Kurds seize airfield
YPG commanders contacted rebels holding the base Tuesday night and told them to withdraw, and Wednesday they took over the airfield, he added.
YPG supporters have posted photographs of Kurdish fighters in combat at the base on social media sites. Malahefji claims the YPG received arms supplies from Damascus and Moscow months ago. In December, he says, a series of Syrian government and Russian helicopters flying in and out of the Kurdish enclave of Afrin, near Menagh, were believed to be ferrying in weapons.
Operations by YPG forces and their allies in northern Syria the past few days have complicated the defenses the FSA and Islamist militias have tried to mount. “The YPG is acting as a spoiler tactically,” says General Idris, who believes the Syrian Kurds are facilitating the regime’s forces. “They say they are not coordinating with the regime, but that is a lie,” he claims.
“Many months ago, going back to the start of the war, the regime forces withdrew from Kurdish towns, handing control over to the YPG. At the time, Assad was weak and didn’t want a confrontation with the Kurds. Defectors say there was a deal cut for Damascus to accept a semi-autonomous Kurdistan in northeast Syria in the event he won.”
'No deal with Assad'
Salih Muslim, the leader of the Democratic Union Party, or PYD, which dominates the YPG, has denied the rebels' claims in several interviews with VOA over the past three years, and he maintains no deal was struck with Damascus.
A senior EU diplomat, though, told VOA Wednesday that he is no doubt that this week there has been close collaboration between the YPG and Damascus. “Of course, they are coordinating. The Kurds will do anything that will further their interests and national identity and bring them closer to get a small state,” he says.

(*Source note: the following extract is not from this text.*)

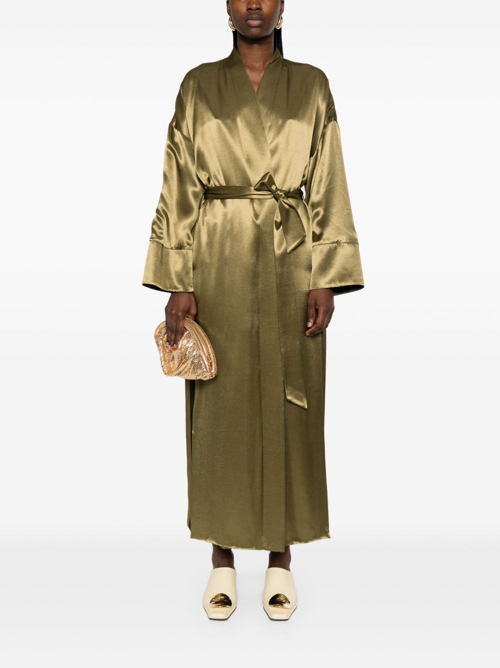 Wraparound design, long sleeves, belted model and below-the-knee length. | THE NINA STUDIO

Whatever the truth, rebels and opposition activists say YPG has also been fighting FSA and Islamist units around the Kurdish enclave of Afrin and on the northwestern outskirts of Aleppo. Earlier this week YPG fighters seized 460 tons of wheat intended for the Syrian Coalition from a silo at Alqamiya village, the activists say.
YPG commanders in Afrin say their operations are of a humanitarian nature, and that by expanding their territory they are in fact blocking government forces from making further advances. In a bid to avoid being hit by Russian warplanes, locals in at least two villages invited the YPG to occupy them. YPG commanders issued a statement Wednesday saying they are ready to meet the call of all civilians who request that the YPG secure their villages.
That, the rebels say, is doing Assad’s work for him.